> [WHAT NEEDS TO BE DONE]:
Whenever a picture appears, leave it out while repeating all the other data exactly.

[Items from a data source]
○ ○ ○ ○ ○
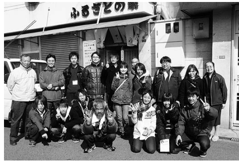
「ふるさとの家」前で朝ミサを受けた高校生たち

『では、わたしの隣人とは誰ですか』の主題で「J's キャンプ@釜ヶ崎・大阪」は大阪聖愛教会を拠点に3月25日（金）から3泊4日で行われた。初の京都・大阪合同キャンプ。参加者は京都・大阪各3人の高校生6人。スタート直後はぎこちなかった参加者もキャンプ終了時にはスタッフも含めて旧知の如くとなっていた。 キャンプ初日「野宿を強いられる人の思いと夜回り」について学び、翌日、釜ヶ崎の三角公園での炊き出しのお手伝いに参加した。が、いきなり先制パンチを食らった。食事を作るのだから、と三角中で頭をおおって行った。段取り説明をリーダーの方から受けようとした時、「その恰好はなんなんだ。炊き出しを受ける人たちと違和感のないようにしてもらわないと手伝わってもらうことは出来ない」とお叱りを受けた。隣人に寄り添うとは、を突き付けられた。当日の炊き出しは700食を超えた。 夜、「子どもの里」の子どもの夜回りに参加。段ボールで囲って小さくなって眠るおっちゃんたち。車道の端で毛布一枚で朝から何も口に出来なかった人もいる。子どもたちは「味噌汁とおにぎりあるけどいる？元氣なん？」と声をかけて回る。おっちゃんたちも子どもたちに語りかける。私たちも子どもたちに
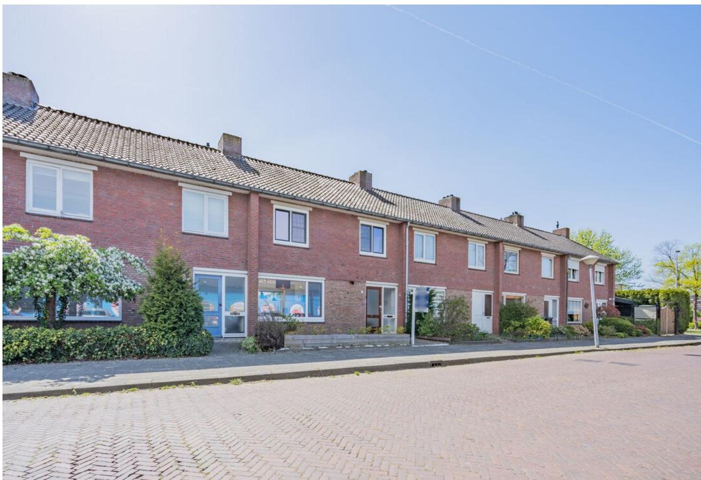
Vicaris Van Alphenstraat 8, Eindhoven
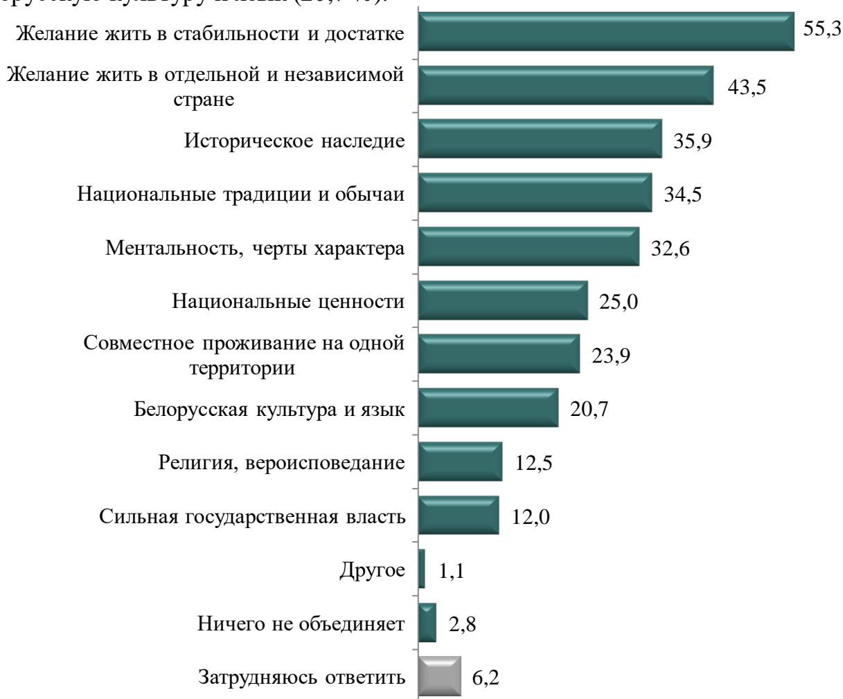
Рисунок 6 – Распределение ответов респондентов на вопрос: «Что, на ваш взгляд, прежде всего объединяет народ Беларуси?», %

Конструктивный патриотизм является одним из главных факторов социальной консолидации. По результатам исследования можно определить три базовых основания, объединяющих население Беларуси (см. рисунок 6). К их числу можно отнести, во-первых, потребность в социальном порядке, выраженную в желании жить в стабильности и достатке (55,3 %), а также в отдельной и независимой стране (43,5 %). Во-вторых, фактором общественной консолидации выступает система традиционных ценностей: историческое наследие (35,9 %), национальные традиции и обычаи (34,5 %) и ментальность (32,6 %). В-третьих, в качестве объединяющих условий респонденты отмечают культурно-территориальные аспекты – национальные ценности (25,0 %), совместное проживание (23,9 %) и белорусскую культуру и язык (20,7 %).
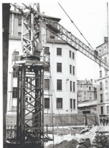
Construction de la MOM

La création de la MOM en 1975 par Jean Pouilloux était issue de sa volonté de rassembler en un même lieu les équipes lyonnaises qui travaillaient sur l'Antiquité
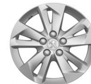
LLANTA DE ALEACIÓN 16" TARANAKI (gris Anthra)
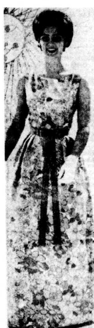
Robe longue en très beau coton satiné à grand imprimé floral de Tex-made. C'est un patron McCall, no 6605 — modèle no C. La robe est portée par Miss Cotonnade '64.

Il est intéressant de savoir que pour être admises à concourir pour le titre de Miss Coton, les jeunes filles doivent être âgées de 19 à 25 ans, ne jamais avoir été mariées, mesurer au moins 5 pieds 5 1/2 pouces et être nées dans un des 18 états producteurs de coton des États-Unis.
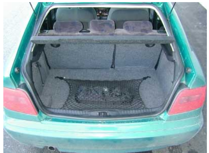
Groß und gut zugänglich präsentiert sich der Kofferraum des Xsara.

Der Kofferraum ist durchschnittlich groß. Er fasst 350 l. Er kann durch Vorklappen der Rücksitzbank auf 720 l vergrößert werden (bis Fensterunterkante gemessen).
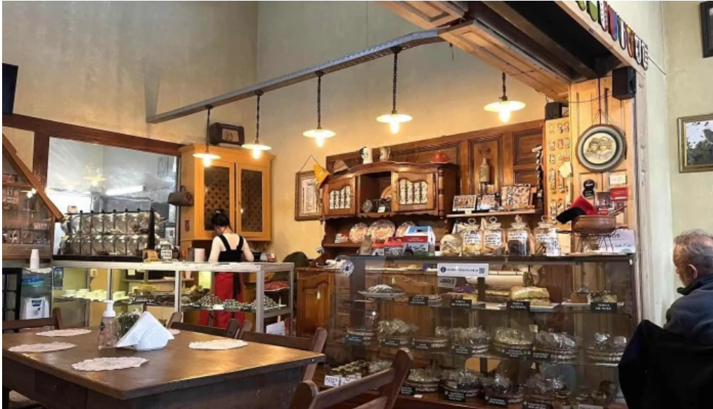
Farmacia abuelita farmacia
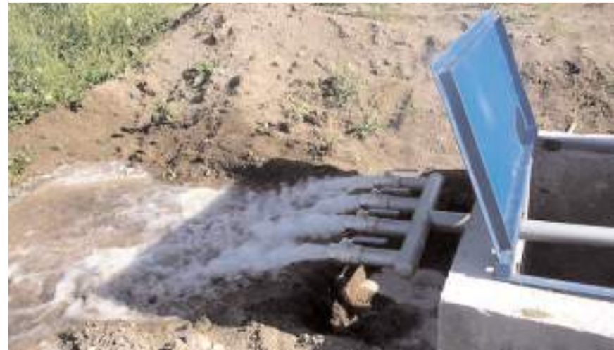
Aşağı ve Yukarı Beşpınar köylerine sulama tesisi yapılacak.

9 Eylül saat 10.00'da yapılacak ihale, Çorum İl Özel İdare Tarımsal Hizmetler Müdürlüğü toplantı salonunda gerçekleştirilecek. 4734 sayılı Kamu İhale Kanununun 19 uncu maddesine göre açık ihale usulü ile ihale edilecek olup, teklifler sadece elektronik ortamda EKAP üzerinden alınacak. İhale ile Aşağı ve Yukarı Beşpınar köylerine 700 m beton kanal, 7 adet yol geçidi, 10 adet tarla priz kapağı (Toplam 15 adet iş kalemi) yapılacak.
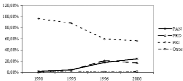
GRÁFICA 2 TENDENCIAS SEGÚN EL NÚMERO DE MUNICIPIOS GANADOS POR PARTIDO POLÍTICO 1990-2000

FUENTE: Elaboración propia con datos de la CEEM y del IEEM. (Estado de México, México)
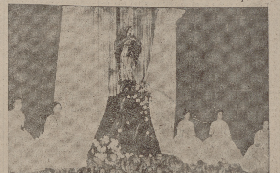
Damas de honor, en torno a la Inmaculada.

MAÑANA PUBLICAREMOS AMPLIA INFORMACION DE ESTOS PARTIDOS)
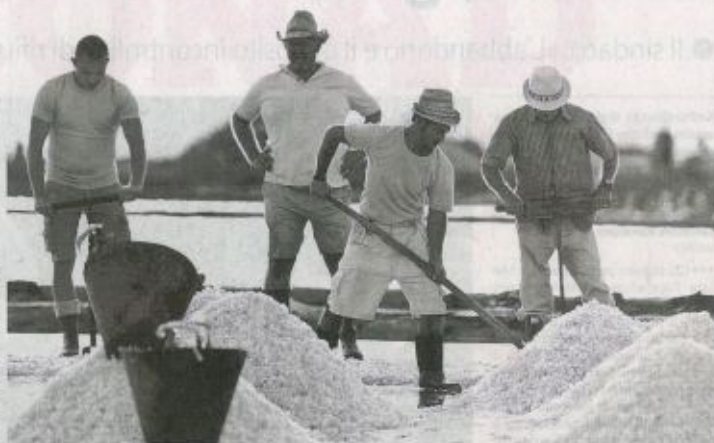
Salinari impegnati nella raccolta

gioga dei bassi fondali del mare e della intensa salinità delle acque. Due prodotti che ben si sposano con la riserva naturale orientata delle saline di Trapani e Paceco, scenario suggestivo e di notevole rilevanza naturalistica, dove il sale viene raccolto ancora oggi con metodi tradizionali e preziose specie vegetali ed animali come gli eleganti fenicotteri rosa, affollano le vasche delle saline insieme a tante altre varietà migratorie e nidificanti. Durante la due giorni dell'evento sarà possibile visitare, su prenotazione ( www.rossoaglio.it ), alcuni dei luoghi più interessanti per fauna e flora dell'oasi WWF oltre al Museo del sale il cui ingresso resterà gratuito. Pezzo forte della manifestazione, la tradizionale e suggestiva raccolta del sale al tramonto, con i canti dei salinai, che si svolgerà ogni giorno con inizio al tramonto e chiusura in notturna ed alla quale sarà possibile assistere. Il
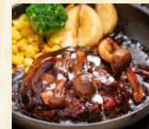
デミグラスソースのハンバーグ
○ ○ ○ ○ ○
> [EXERCISE SOLUTION]:
「ふるさとの家」前で朝ミサを受けた高校生たち

『では、わたしの隣人とは誰ですか』の主題で「J's キャンプ@釜ヶ崎・大阪」は大阪聖愛教会を拠点に3月25日（金）から3泊4日で行われた。初の京都・大阪合同キャンプ。参加者は京都・大阪各3人の高校生6人。スタート直後はぎこちなかった参加者もキャンプ終了時にはスタッフも含めて旧知の如くとなっていた。 キャンプ初日「野宿を強いられる人の思いと夜回り」について学び、翌日、釜ヶ崎の三角公園での炊き出しのお手伝いに参加した。が、いきなり先制パンチを食らった。食事を作るのだから、と三角中で頭をおおって行った。段取り説明をリーダーの方から受けようとした時、「その恰好はなんなんだ。炊き出しを受ける人たちと違和感のないようにしてもらわないと手伝わってもらうことは出来ない」とお叱りを受けた。隣人に寄り添うとは、を突き付けられた。当日の炊き出しは700食を超えた。 夜、「子どもの里」の子どもの夜回りに参加。段ボールで囲って小さくなって眠るおっちゃんたち。車道の端で毛布一枚で朝から何も口に出来なかった人もいる。子どもたちは「味噌汁とおにぎりあるけどいる？元氣なん？」と声をかけて回る。おっちゃんたちも子どもたちに語りかける。私たちも子どもたちに
Vicaris Van Alphenstraat 8, Eindhoven
Рисунок 6 – Распределение ответов респондентов на вопрос: «Что, на ваш взгляд, прежде всего объединяет народ Беларуси?», %

Конструктивный патриотизм является одним из главных факторов социальной консолидации. По результатам исследования можно определить три базовых основания, объединяющих население Беларуси (см. рисунок 6). К их числу можно отнести, во-первых, потребность в социальном порядке, выраженную в желании жить в стабильности и достатке (55,3 %), а также в отдельной и независимой стране (43,5 %). Во-вторых, фактором общественной консолидации выступает система традиционных ценностей: историческое наследие (35,9 %), национальные традиции и обычаи (34,5 %) и ментальность (32,6 %). В-третьих, в качестве объединяющих условий респонденты отмечают культурно-территориальные аспекты – национальные ценности (25,0 %), совместное проживание (23,9 %) и белорусскую культуру и язык (20,7 %).
Construction de la MOM

La création de la MOM en 1975 par Jean Pouilloux était issue de sa volonté de rassembler en un même lieu les équipes lyonnaises qui travaillaient sur l'Antiquité
LLANTA DE ALEACIÓN 16" TARANAKI (gris Anthra)
Robe longue en très beau coton satiné à grand imprimé floral de Tex-made. C'est un patron McCall, no 6605 — modèle no C. La robe est portée par Miss Cotonnade '64.

Il est intéressant de savoir que pour être admises à concourir pour le titre de Miss Coton, les jeunes filles doivent être âgées de 19 à 25 ans, ne jamais avoir été mariées, mesurer au moins 5 pieds 5 1/2 pouces et être nées dans un des 18 états producteurs de coton des États-Unis.
Groß und gut zugänglich präsentiert sich der Kofferraum des Xsara.

Der Kofferraum ist durchschnittlich groß. Er fasst 350 l. Er kann durch Vorklappen der Rücksitzbank auf 720 l vergrößert werden (bis Fensterunterkante gemessen).
Farmacia abuelita farmacia
Aşağı ve Yukarı Beşpınar köylerine sulama tesisi yapılacak.

9 Eylül saat 10.00'da yapılacak ihale, Çorum İl Özel İdare Tarımsal Hizmetler Müdürlüğü toplantı salonunda gerçekleştirilecek. 4734 sayılı Kamu İhale Kanununun 19 uncu maddesine göre açık ihale usulü ile ihale edilecek olup, teklifler sadece elektronik ortamda EKAP üzerinden alınacak. İhale ile Aşağı ve Yukarı Beşpınar köylerine 700 m beton kanal, 7 adet yol geçidi, 10 adet tarla priz kapağı (Toplam 15 adet iş kalemi) yapılacak.
GRÁFICA 2 TENDENCIAS SEGÚN EL NÚMERO DE MUNICIPIOS GANADOS POR PARTIDO POLÍTICO 1990-2000

FUENTE: Elaboración propia con datos de la CEEM y del IEEM. (Estado de México, México)
Damas de honor, en torno a la Inmaculada.

MAÑANA PUBLICAREMOS AMPLIA INFORMACION DE ESTOS PARTIDOS)
Salinari impegnati nella raccolta

gioga dei bassi fondali del mare e della intensa salinità delle acque. Due prodotti che ben si sposano con la riserva naturale orientata delle saline di Trapani e Paceco, scenario suggestivo e di notevole rilevanza naturalistica, dove il sale viene raccolto ancora oggi con metodi tradizionali e preziose specie vegetali ed animali come gli eleganti fenicotteri rosa, affollano le vasche delle saline insieme a tante altre varietà migratorie e nidificanti. Durante la due giorni dell'evento sarà possibile visitare, su prenotazione ( www.rossoaglio.it ), alcuni dei luoghi più interessanti per fauna e flora dell'oasi WWF oltre al Museo del sale il cui ingresso resterà gratuito. Pezzo forte della manifestazione, la tradizionale e suggestiva raccolta del sale al tramonto, con i canti dei salinai, che si svolgerà ogni giorno con inizio al tramonto e chiusura in notturna ed alla quale sarà possibile assistere. Il
デミグラスソースのハンバーグ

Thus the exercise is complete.